- **INFORMATION**:
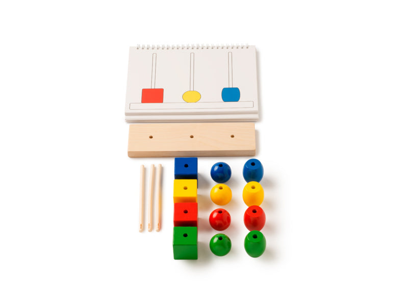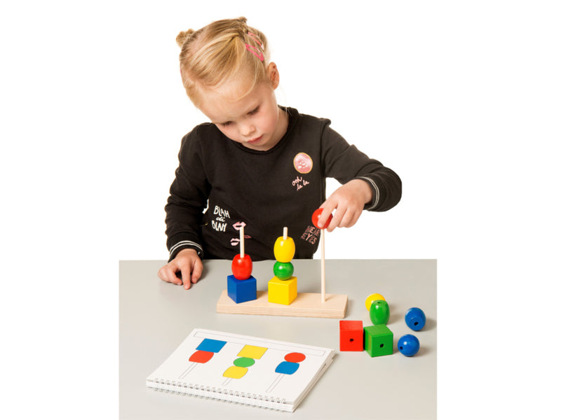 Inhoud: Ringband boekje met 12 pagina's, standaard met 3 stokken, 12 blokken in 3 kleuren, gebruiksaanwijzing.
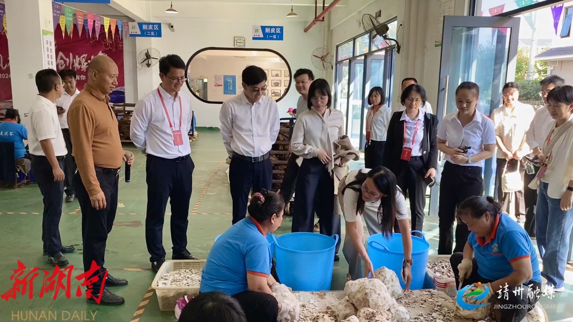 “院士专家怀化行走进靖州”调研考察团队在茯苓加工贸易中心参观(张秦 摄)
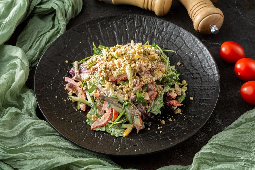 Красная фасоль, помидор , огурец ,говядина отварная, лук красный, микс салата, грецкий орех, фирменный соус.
* * *
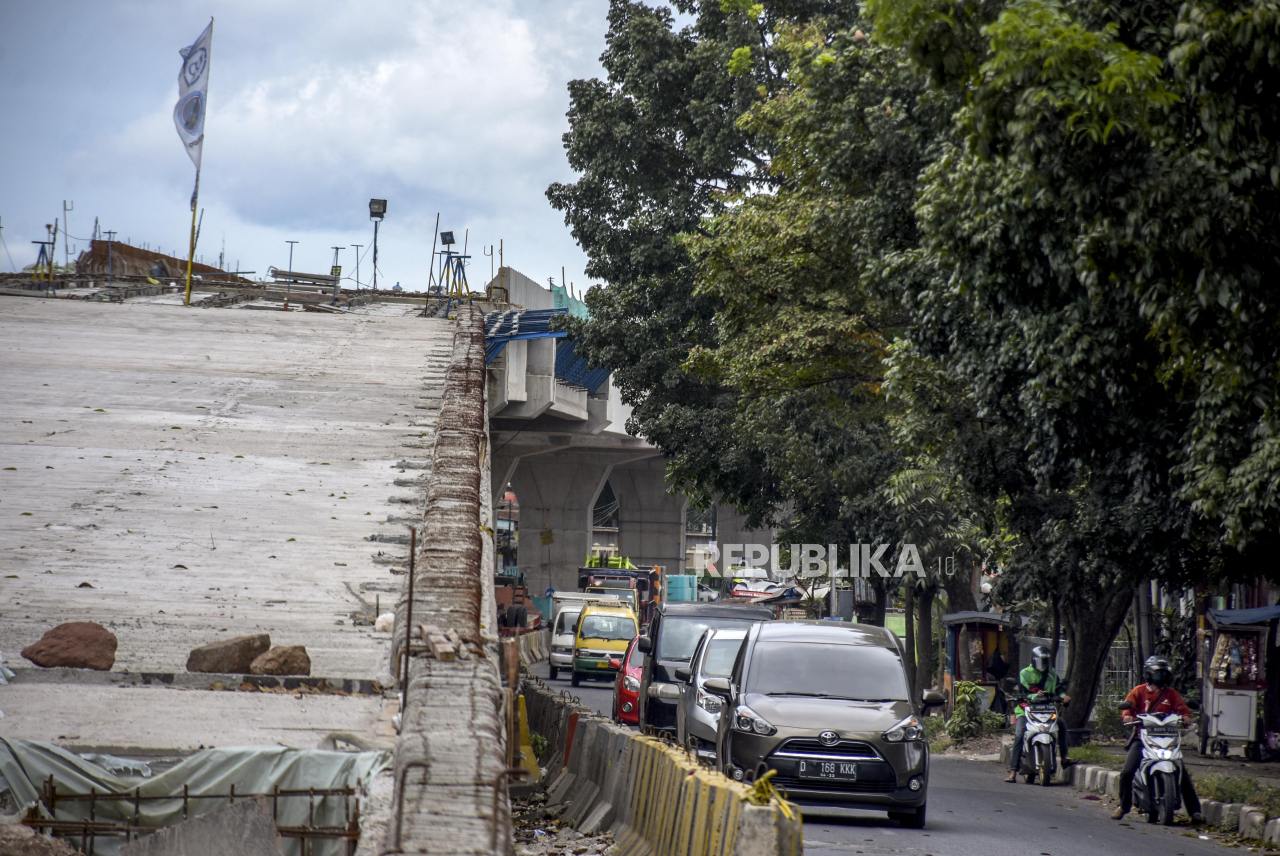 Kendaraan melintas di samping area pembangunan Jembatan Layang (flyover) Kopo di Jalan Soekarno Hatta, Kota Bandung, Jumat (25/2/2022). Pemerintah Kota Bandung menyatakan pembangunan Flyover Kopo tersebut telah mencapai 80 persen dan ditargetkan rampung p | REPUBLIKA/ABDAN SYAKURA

- **EXERCISE INSTRUCTIONS**:
In the records above, copy exactly everything from the line that has "Inhoud: Ringband boekje" down to the line that has "Красная фасоль, помидор", both ends included, and leave out the pictures.

- **FINISHED EXERCISE**:
 Inhoud: Ringband boekje met 12 pagina's, standaard met 3 stokken, 12 blokken in 3 kleuren, gebruiksaanwijzing.
 “院士专家怀化行走进靖州”调研考察团队在茯苓加工贸易中心参观(张秦 摄)
 Красная фасоль, помидор , огурец ,говядина отварная, лук красный, микс салата, грецкий орех, фирменный соус.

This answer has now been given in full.